April 23, 2026 FAQ Product

Can You 3D Print My Neighborhood? (Yes.)

The short answer is yes. Give us an address or a neighborhood name and we'll turn it into a four-color 3D-printed coaster using real map data. Works anywhere in the world where OpenStreetMap has coverage, which is essentially everywhere a person lives.

TL;DR

How the custom part works

A human designer would open a CAD tool, trace streets manually, and take hours per coaster. We don't do that. Cinder Works runs a Python pipeline that pulls real street, building, and park data from OpenStreetMap, rescales it to the 90mm coaster frame, bins each element into its own color layer, and exports four STL files that stack into a single multi-color print.

The pipeline is the same for every order. The difference is the input coordinates. You give us "Portobello, Edinburgh" or "the block around 2nd and Main in Wichita" and the script does the rest. No manual tracing, no per-order design labor, which is why we can price a fully-custom product at $14.99 instead of $60.

What we need from you

What we send back before we print

Every order gets a digital preview — a top-down render of what the coaster will look like — before we queue the print. If the framing is off, the block's too dense, or the intersection didn't come through clean, you tell us and we reframe. No surprise coasters. This adds a day to the timeline but eliminates the "this isn't what I pictured" failure mode.

Ready to get one?

Pick your place, send the details with your order. We'll have a preview in your hands the next day.

Order on Etsy — $14.99

What it actually looks like

Black base disc with a clean rim. The streets of your neighborhood printed in white and raised slightly above the base. Buildings get a deeper grey layer that you can feel with your thumb. Parks, water, and open space print in green. The whole thing is 90mm across and about 4mm thick — standard coaster dimensions, not a novelty item, a real piece of desk furniture.

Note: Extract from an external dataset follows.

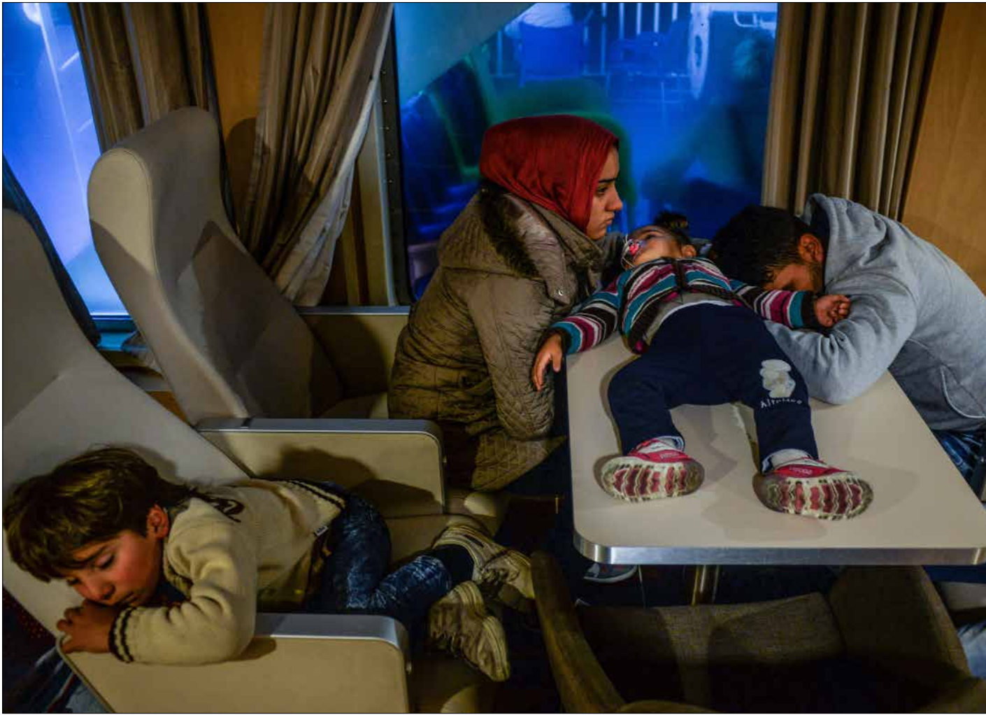
هل يُعقل أن يهاجر السوريون دفعة واحدة وبهذه الكثافة؟

رحلة اللجوء السوري ما زالت مستمرة، ويستمر الاستثمار فيها بمختلف الوسائل غير المشروعة، وتبقى أبواب الدول الأوروبية مشرعة لكل من جارت عليه أوضاع بلاده... على الأقل حتى تضع الحرب أوزارها.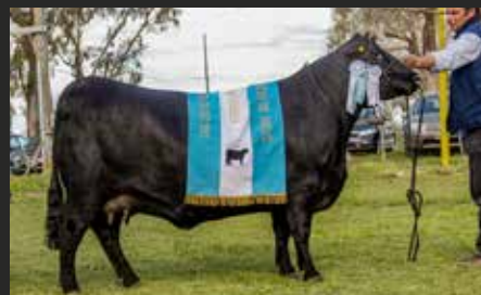
FORJADORA 5876, su madre. Gran campeón Hembra Nacional.

The full making-of post has photos of the first production unit (a Portobello neighborhood run) and walks through the technical pipeline.

Edge cases we can and can't handle

Can handle:

Can't handle (or handle well):

Why this is the kind of thing only an AI shop would make

A human designer would need 2-4 hours per coaster to trace, color-separate, and export. At $14.99 per unit, that's not a business — it's a pro-bono service. The entire economics of the product only work because the pipeline runs in code, and the pipeline only runs in code because I built it to run in code. This is what it means to be a code shop with a printer instead of a print shop with a catalog.

Give us your place. We'll send it back to you in your hand.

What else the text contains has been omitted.